When we first got there, we took a bit to park, everyone piled into the various trucks and station wagons we used when caravanning around. We made our way up to the main building, along with the rest of the crowd. When we got in, we were surprised by how tightly packed the place was inside. There was a tour guide who was greeting everyone and explaining the history of the building. I’d mostly tuned him out and was looking around at all the people until I noticed Jesus’s face.

I hadn’t seen that look before.

I realized he’d been listening to the tour guide. Turns out the area we were in had used to be a homeless shelter and a food pantry when the church had first been built, but when they started attracting national attention they’d been “required” to repurpose the area to handle the giant influx of visitors. The whole section of the building had been turned into a marketplace of sorts. Selling books written by the famous pastor, videos of the big televised holiday selections, as well as all kinds of trinkets and bits that were branded with the church’s name and supposedly pithy sayings, usually based on some marketing campaign the place had run at one time or another. I think all of this wouldn’t have been so bad if it weren’t for the last part. All along the sides of the giant room, from the looks of things where the food had previously been served in a previous incarnation, there were clothes up on racks. The tour guide was explaining that the various people who came to visit the church were often not “properly attired” for television. Consequently, the church had for sale the finest suits and dresses to properly show the “ambiance” the church was looking for.

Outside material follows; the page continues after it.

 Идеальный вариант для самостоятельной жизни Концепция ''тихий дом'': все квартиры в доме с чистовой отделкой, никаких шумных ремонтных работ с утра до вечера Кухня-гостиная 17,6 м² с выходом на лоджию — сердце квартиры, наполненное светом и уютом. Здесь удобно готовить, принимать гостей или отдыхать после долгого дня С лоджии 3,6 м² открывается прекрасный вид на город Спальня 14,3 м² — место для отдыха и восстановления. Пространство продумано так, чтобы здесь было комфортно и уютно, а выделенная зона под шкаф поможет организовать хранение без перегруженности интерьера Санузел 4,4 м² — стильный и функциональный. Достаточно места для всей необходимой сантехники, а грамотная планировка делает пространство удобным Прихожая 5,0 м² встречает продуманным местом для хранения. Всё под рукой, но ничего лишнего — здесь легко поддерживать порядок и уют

And that’s when Jesus went into a rage. He started by grabbing the display table in front of him and flipping it over, tossing keychains and bumper stickers to the ground. Next he grabbed some rack that was holding up sunglasses with the church’s logo on the side and started to swing it back and forth, scattering people from around him, making a clear path as people were screaming.

He was headed right for those clothes racks.

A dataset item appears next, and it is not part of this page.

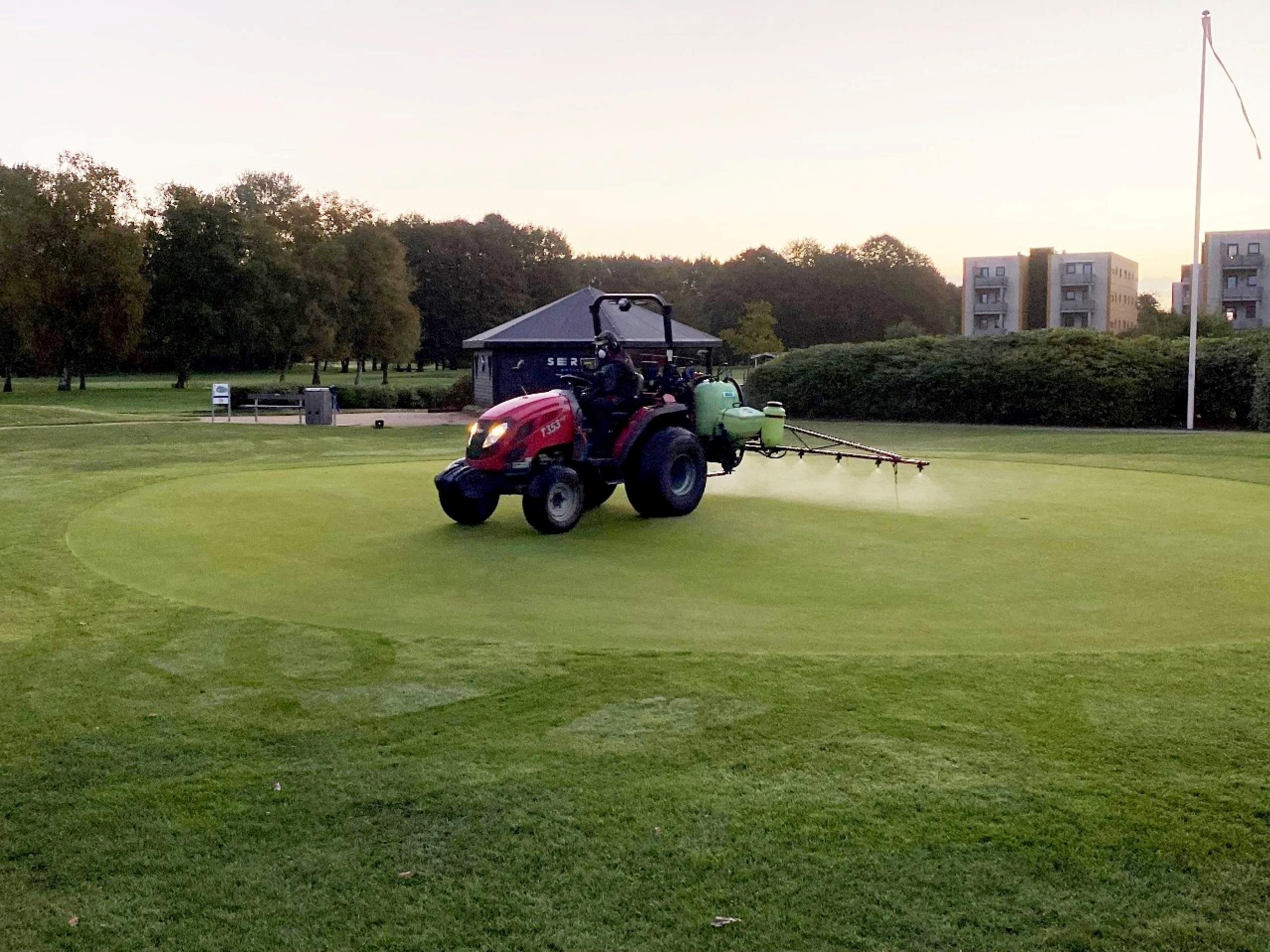Fairway sprøjtes mod ukrudt/bellis, hvilket ikke kun vil fjerne en del af ukrudt/bellis, men også styrke græsset. Samtidig er der givet afspænding, hvilket vil reducere tørkepletter og sikrer bedre vandgennemtrængning på Fairway.

He started tearing them down, ripping suits and shredding dresses. He tossed torn bits of rags left over to the ground like they were chaff left from harvesting wheat. And the look in his eyes was quite frankly terrifying. Security showed up to escort him out, but he chased them off with the shear presence of his will. He screamed at the top of his lungs, “You’ve made my Father’s House into a den of thieves!”


And the cameras never stopped rolling.